Osman evin arkasındaki çakıldan örülme duvara çıkıp oturdu. Eline aldığı bir sopayla yeri eşelerken bir iç çekti. Neden böyle olduğunu anlamıyordu. Babaannesini çok iyi anlıyordu, yaşlıydı bakım gerekiyordu, Allah’a şükür kendi yemeğini yer, tuvalete gidebilirdi. Ama yaşlıydı işte tek başına bir evde kalamazdı. En azından annesi ve babası başkalarına böyle diyordu. O yüzden babaannesini suçlayamıyordu. Annesinden duyduğuna göre biraz kötülükler etmişti annesine ama olsun yine de yaşlıydı ve babasının annesiydi. Sokağa atamazlardı ya. Annesini de suçlayamıyordu. Arada babasıyla böyle kavgaya tutuşsa da annesi bakıyordu babaannesine. Kendi annesi bile değildi sonuç olarak. Biraz babasını suçluyordu. Ne vardı sanki biraz annesine yardım etseydi. Biraz gönlünü ediverseydi sanki. Ama bu olayda asıl suçlu amcasıydı. Amcası yılda bir iki defa, onlar da çoğunlukla bayram günleri olurdu, evlerine gelirdi. Bir sürü şey alıp gelirdi ama annesine hiç bakmazdı. Yani gelince çok hürmetli davranırdı, ağız ucuyla da “Ana bize gidelim mi?” derdi ama asla götürmezdi. Anlayamıyordu Osman, amcasının böyle yapmasını. Çünkü amcasının davranışlarına bakınca sanki kendi annesi değil gibiydi, sanki onu başkası doğurmuştu. Yoksa acaba annesini sevmiyor muydu amcası? Kendi annesinin bir kere ağladığını görse, gözlerinden akan damla yanağına inmeden Osman’ın küçük yüreği param parça olurdu. Hem geçenlerde hoca derste anlatmıştı, Peygamber efendimiz (sav): “Anası, babası veya ikisinden biri yanında yaşlanıp da cennete giremeyenin vay haline!” dediğini söylemişti. Peki amcası neden böyleydi? Her şey kolayken işleri zora sokuyordu. Yoksa onun yaşadığı yerde cami mi yoktu ya da o camide bunları anlatacak bir hoca mı yoktu? Osman, zeki çocuktu her şeye akıl erdirirdi ama bu duruma asla akıl sır erdiremezdi. Aslında buna da aklı ererdi de kalbinin temizliği, kalbi körelmişlere anlamaya izin vermezdi.
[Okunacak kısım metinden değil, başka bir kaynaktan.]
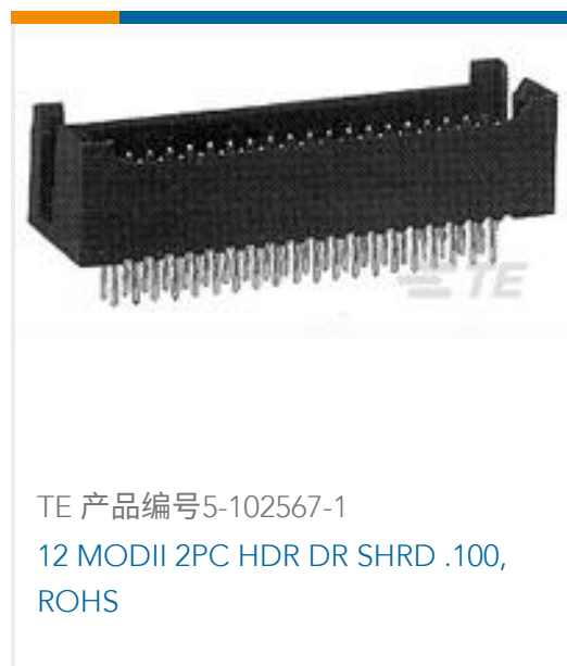
TE 产品编号5-102567-1 12 MODII 2PC HDR DR SHRD .100, ROHS

Birden annesinin “Ben artık bu evde daha fazla duramam alıp başımı kendi babamın evine gidiyorum. Senden görmediğimi orda görürüm.” demesiyle kendi düşünce dünyasından çıktı ve ardından gelen hızlıca çarpılan kapı sesiyle irkildi. Koşarak eve girdi, her odaya baktı ama annesini göremedi. Balkona çıktı, aşağıda kasketini önüne almış düşünen babasını gördü. Babaannesi de başka bir köşe de hüzünlü hüzünlü oturuyordu. Kalbi küt küt atıyordu. Çok korkuyordu. Annesi nereye gitmişti? Geçecek miydi bu korkusu? Bu düşüncelerle gitti yatağına uzandı. Ya annesi gerçekten gittiyse ne yapacaktı Osman? Büyüdükçe geçer miydi her şey yoksa aynı mı kalırdı? En çok da bundan korktu Osman, ne yapacağını bilememekten... İnsan belki de bu yüzden korkardı. Büyüdükçe insan, korkuları azalırdı çünkü öğrenirdi. Öğrendikçe de hayalleri küçülürdü… Bu bilinmezlik korkusuyla Osman uyuyakaldı.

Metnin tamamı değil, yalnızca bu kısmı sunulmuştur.